На это было можно много что сказать и ответить. Но я, помня зарок, что дал себе, в диспуты на эту тему с командиром вступать совершенно не собирался. Я слишком был усталым для этого.
Без слов подтащил волокушу под растущий куст, чтобы он хоть как-то закрывал от дождя, если тот пойдёт, и на четвереньках отполз к растущему дереву. Облокотившись на него спиной, посмотрел в небо. А потом зевнул и тут же уснул.
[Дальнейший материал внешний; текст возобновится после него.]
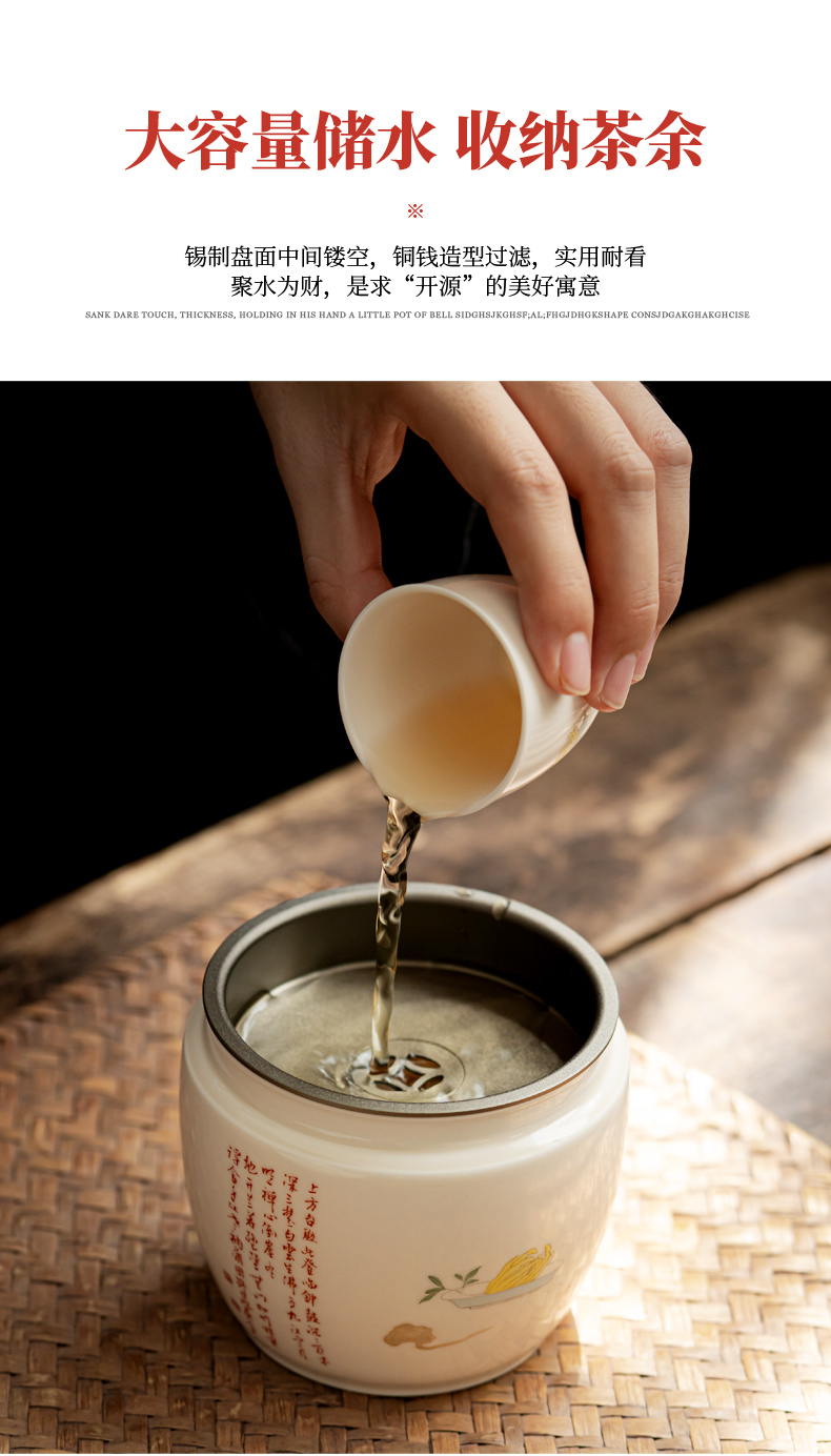 永利汇陶瓷建水日式过滤茶渣缸家用办公茶水缸茶盂功夫茶道茶海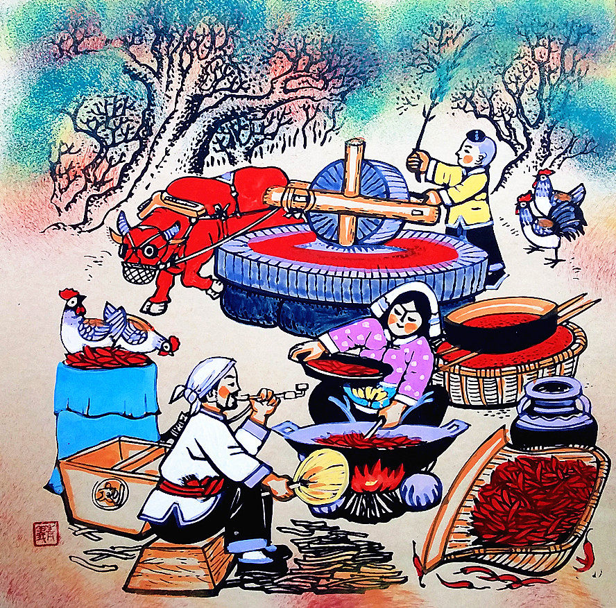 Mulfon Rural Mulpy Pepper Hotel Farmhouse Farmhouse украшение Shaanxi Huxian Farmers Painting Размер 25x25см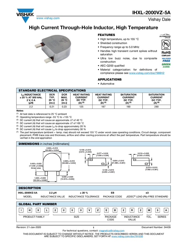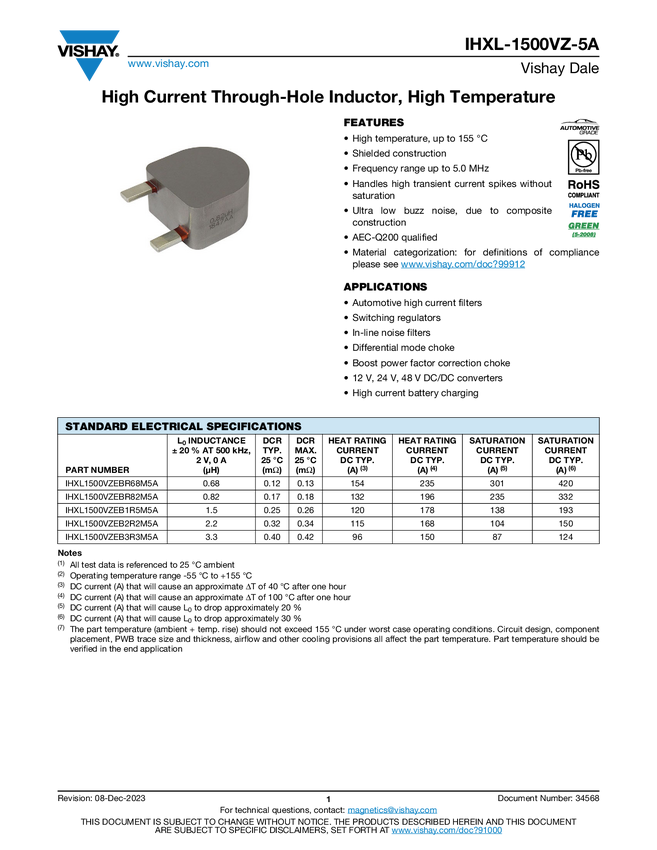 Automotive, High Current, Radial, Through-Hole Inductor, High Temperature (155 °C)

Моя беспечность была обусловлена двумя фактами. Во-первых, я продолжал небезосновательно предполагать, что немцы по ночам шастать по лесу и по болоту не будут из-за боязни заблудиться и, попав в трясину, утонуть. А во-вторых, выбора у меня не было. Этот долгий-долгий день меня полностью выжал до дна. Событий было так много, что я уже не знал, когда именно они происходили, то ли час назад, то ли день, а быть может, с того времени уже прошла неделя или даже две. Что-то казалось очень смутным и далёким, а что-то, наоборот, ярким и запоминающимся. Эти воспоминания будоражили сознание, в котором уже давно всё перемешалось.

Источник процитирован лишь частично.